I am using Python 3.9 on Fedora 36. The GPU is a Nvidia RTX 2070 with 8 GiB of RAM. The driver version is 515.48.07 and CUDA Version: 11.7. nvidia-smi reports most of the memory is available between runs, and the small version requires less than 800 MiB.
The full traceback is:
2022-09-05 15:29:37.525261: W tensorflow/core/framework/cpu_allocator_impl.cc:82] Allocation of 16384000000 exceeds 10% of free system memory.

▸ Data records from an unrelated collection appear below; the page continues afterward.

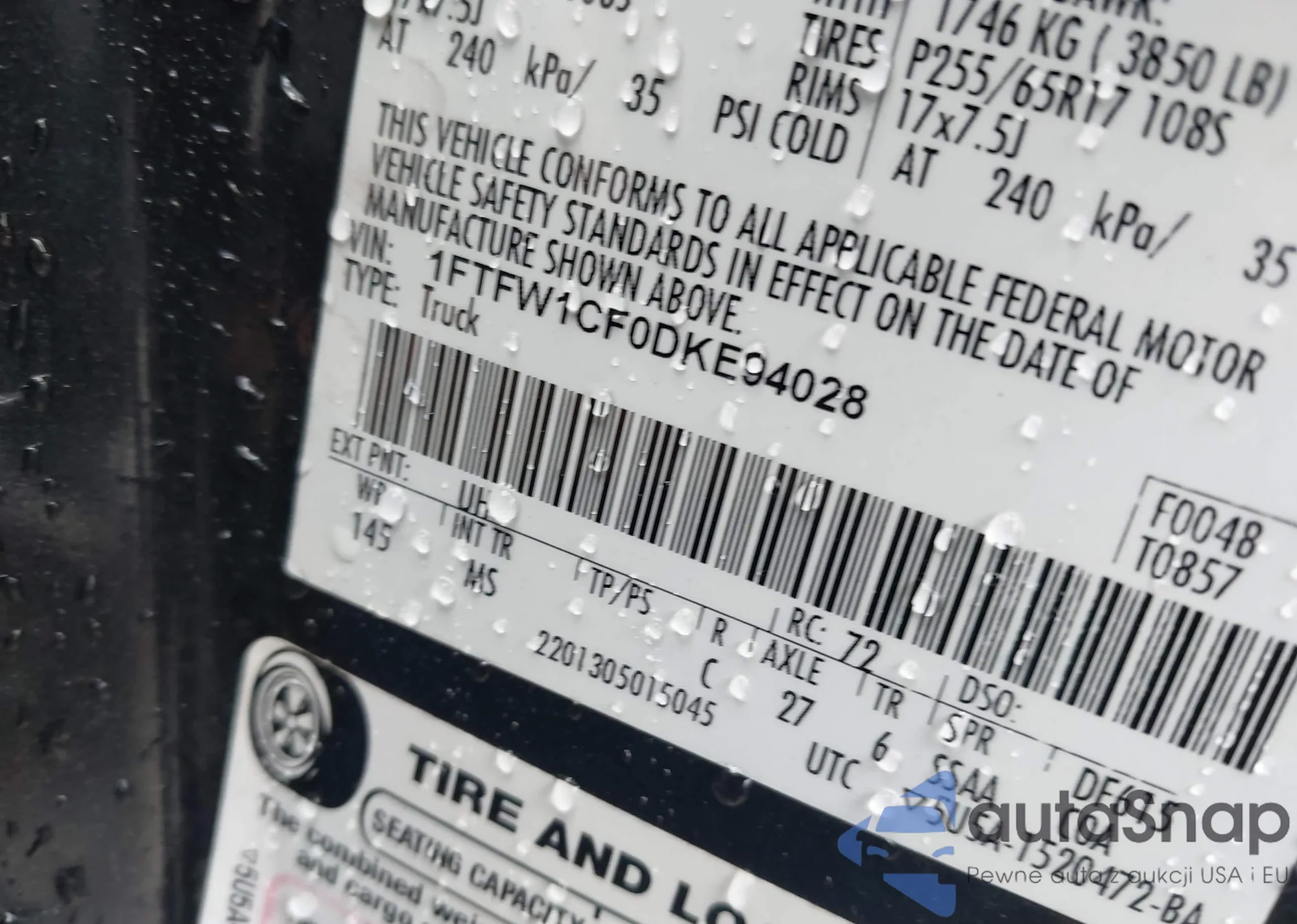 VIN: 1FTFW1CF0DKE94028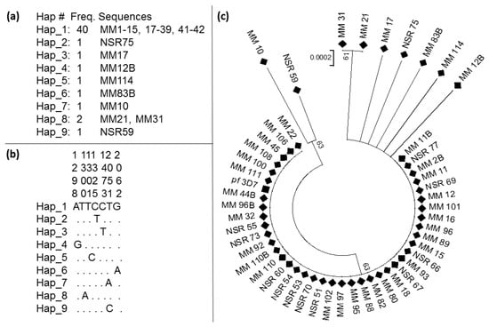 - Librado, P.; Rozas, J. DnaSP v5: A software for comprehensive analysis of DNA polymorphism data. Bioinformatics 2009, 25, 1451–1452. [Google Scholar] [CrossRef] [PubMed]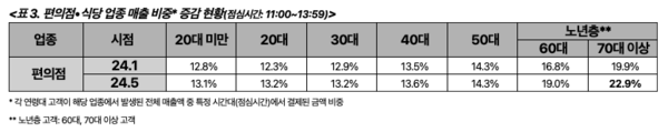 특히, 점심식사 시간에 편의점을 이용하는 노년층 고객의 매출 비중은 불과 4개월만에 최대 3%까지 상승한 것이 확인됐다. 반면, 20~50대 고객의 매출 비중은 기간 내 최대 1% 미만 상승하는 데 그쳤다.(표 3. 참고)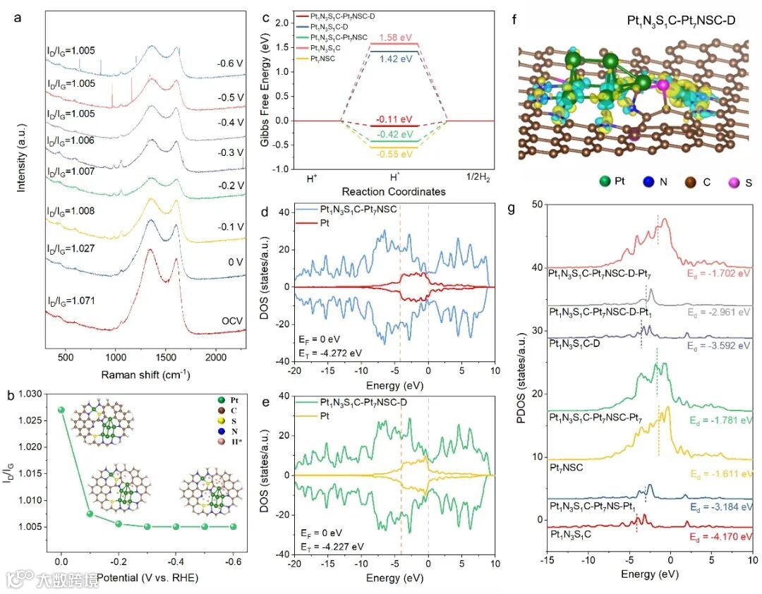 图4. a)原位拉曼,b) ID/IG值随电位的变化,c)酸性HER过程ΔGH*, d) Pt1N3S1C-Pt7NSC的DOS图,e) Pt1N3S1C-Pt7NSC-D的DOS图,f) Pt1N3S1C-Pt7NSC-D的电荷密度差,g) Pt d轨道的投影电子态密度。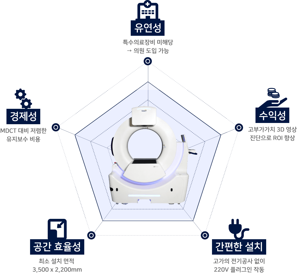 DeteCT의 회전식 엑스레이 튜브는 안정적인 출력, 연속 촬영이 가능하며 고정식 대비 긴 수명을 보장합니다.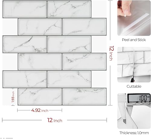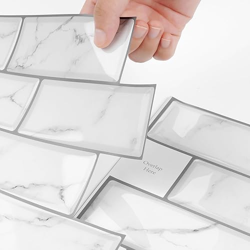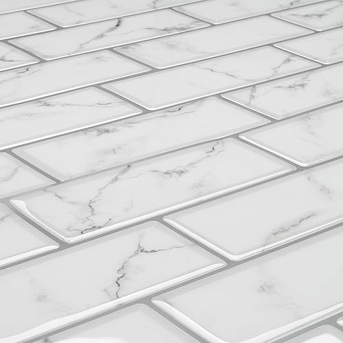 Livelynine Credence Adhesive pour Cuisine Marbre Blanc lavable Carrelage Adhesif Mural Salle de Bain 30x30CM Dalle PVC Adhesive Murale Effet Marbre Gris Clair Autocollant Carrelage Cuisine, 4 Dalles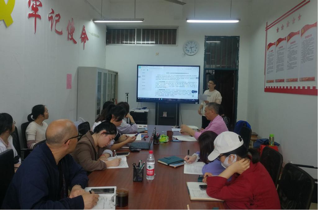图:理工学院教工党支部书记李勇刚带领大家学习文件精神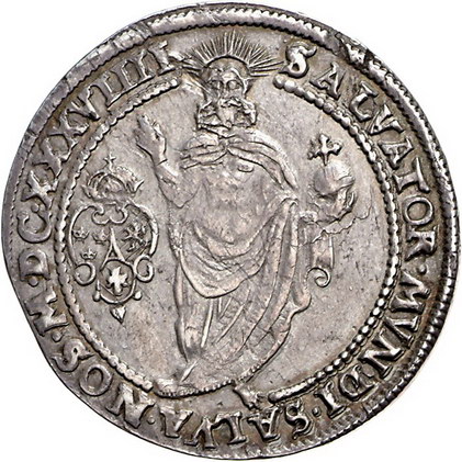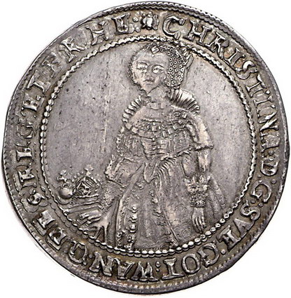 Los-Nummer: Auktion 51 - 3930 Ausländische Münzen und Medaillen Schweden Christina 1632-1654, Taler 1639, Stockholm. Hüftbild halblinks neben Tisch mit Krönungsinsignien / Stehender Christus als Salvator Mundi. Jahreszahl als MDCXXXVIIII geschrieben. S.M. 10 a, Davenport 4523. Sehr schön / fast vorzüglich Schätzpreis: 1000,- Zuschlag: 900,- |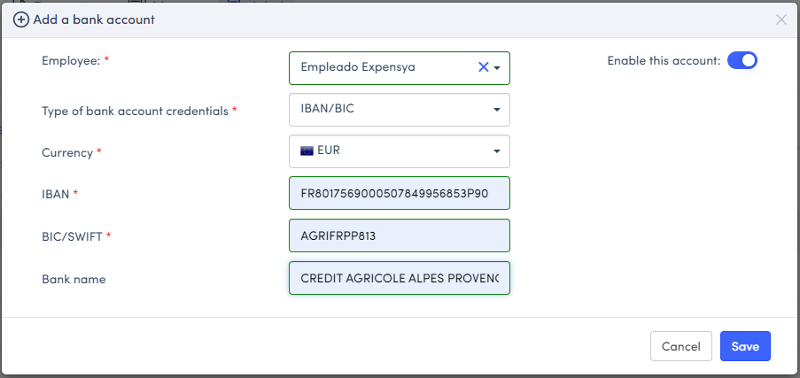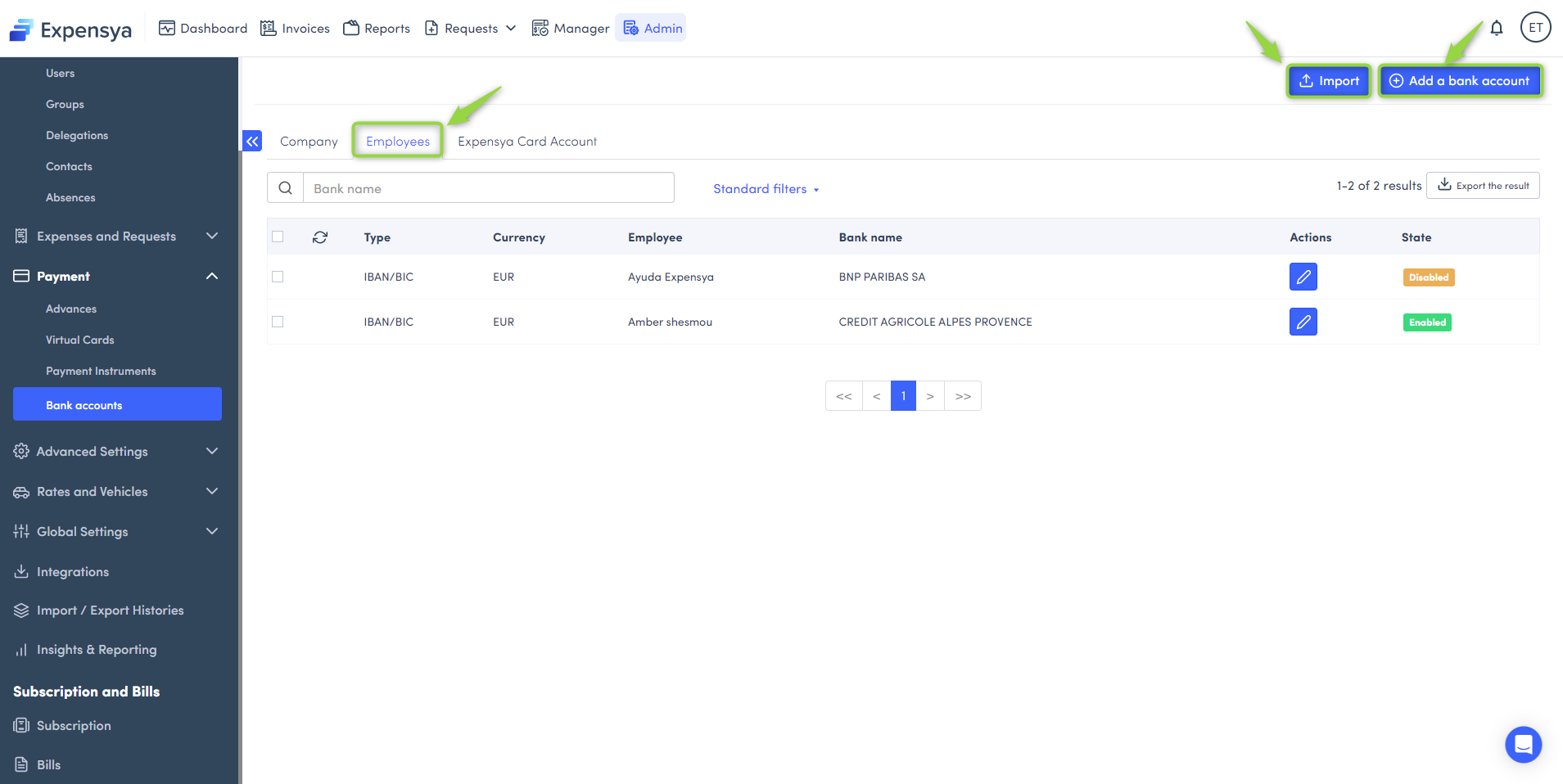 As an administrator, Expensya provides you with the capability, accessible through the web version, to seamlessly add both your tenant's bank accounts and those belonging to your employees.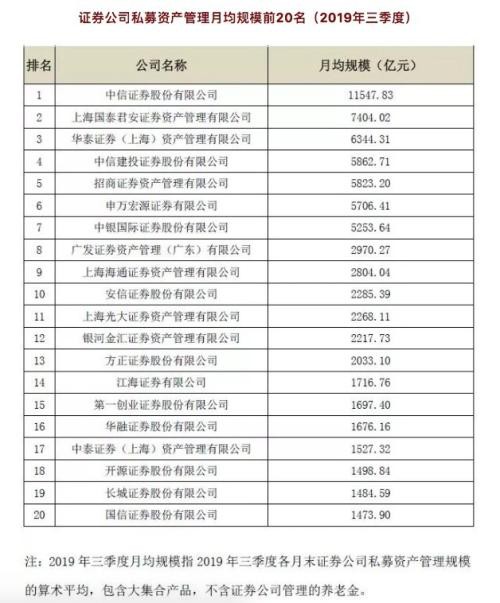12月30日晚间,中国基金业协会披露了三季度证券公司私募资产管理月均规模和主动管理的前20名名单。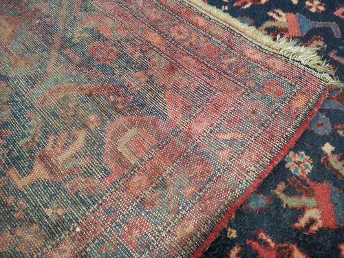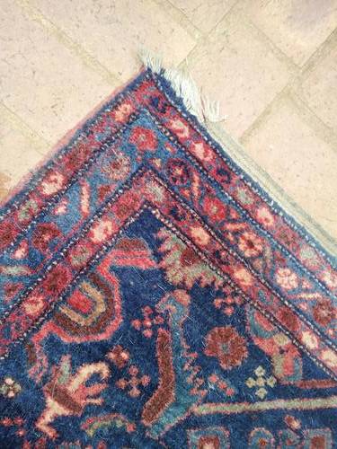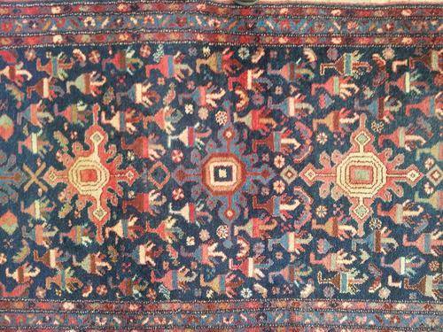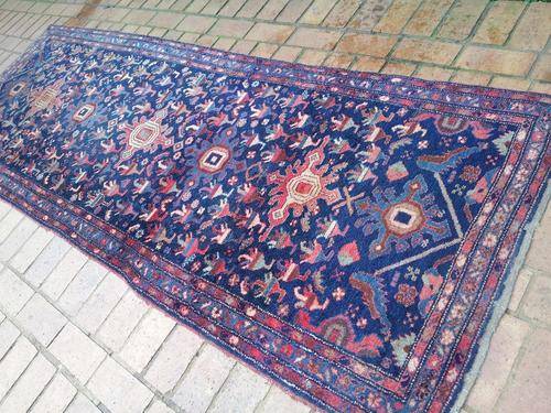 In very good condition for its age, this very old hall carpet does not have any tag underneath, however judging from the weave and thickness it does seem to be a genuine Persian carpet!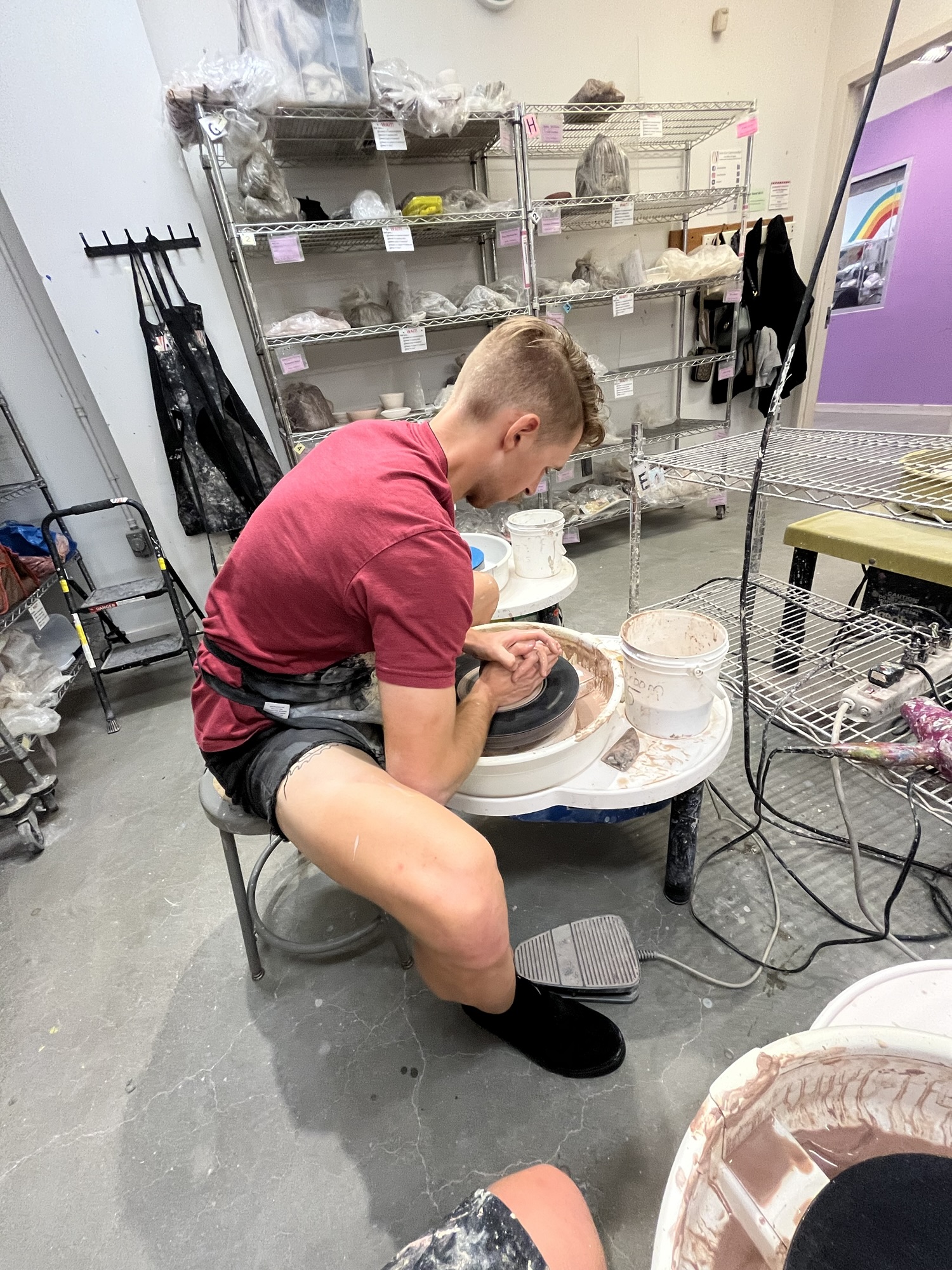 Patrick ended up making a small cortado cup and mine is going to make a great yogurt bowl/cappuccino cup?? We’ll see if it survives the kiln.
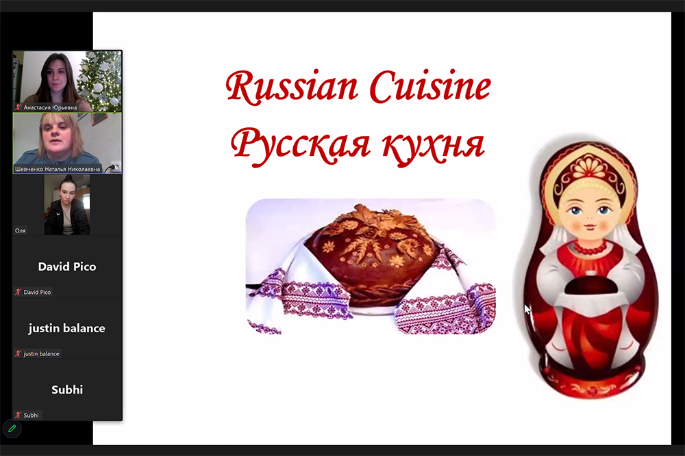 Молодые люди также знакомятся с традиционной русской кухней. Тьюторы подготовительного факультета рассказывают о самых популярных национальных блюдах, делятся секретами их приготовления, а также вместе со слушателями готовят традиционные яства и обмениваются кулинарными секретами.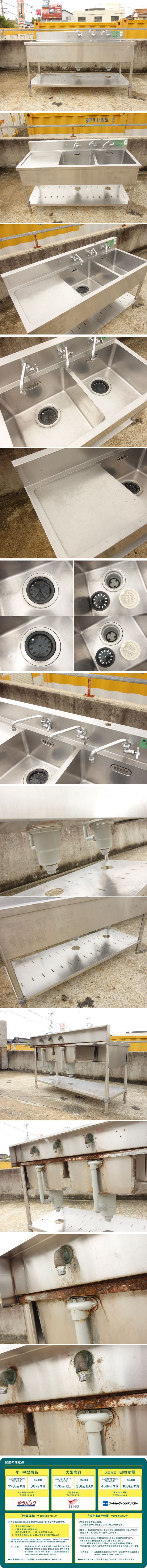 > 【中古】M▼業務用 厨房 流し台 シンク ステンレス 二槽 2槽 水栓 バックガード 幅1500×奥行600×高さ790~940~975 (Fe1939)
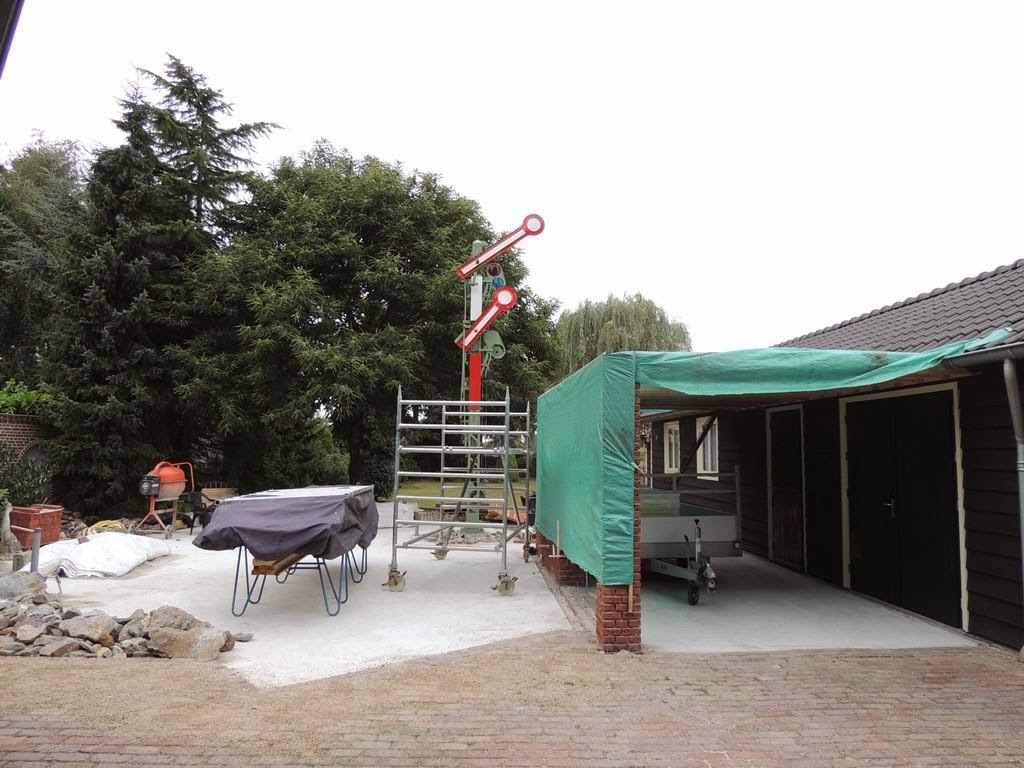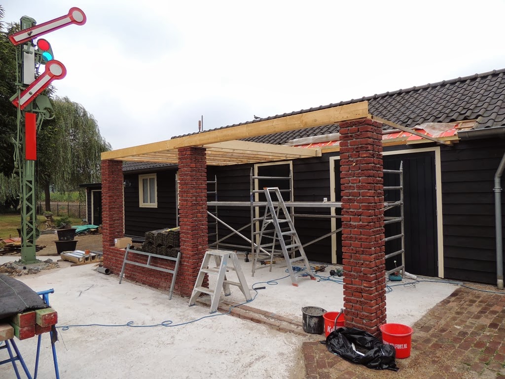 Volgens de tekening komen er tussen de seinpaal en de overkapping drie sporen te liggen (twee inhaalsporen en een kopspoortje). Op de laatste foto zie ik die ruimte niet, lijkt me te krap voor drie sporen.

2022-09-05 15:29:54.002629: W tensorflow/core/common_runtime/bfc_allocator.cc:479] Allocator (GPU_0_bfc) ran out of memory trying to allocate 15.26GiB (rounded to 16384000000)requested by op _EagerConst
If the cause is memory fragmentation maybe the environment variable 'TF_GPU_ALLOCATOR=cuda_malloc_async' will improve the situation.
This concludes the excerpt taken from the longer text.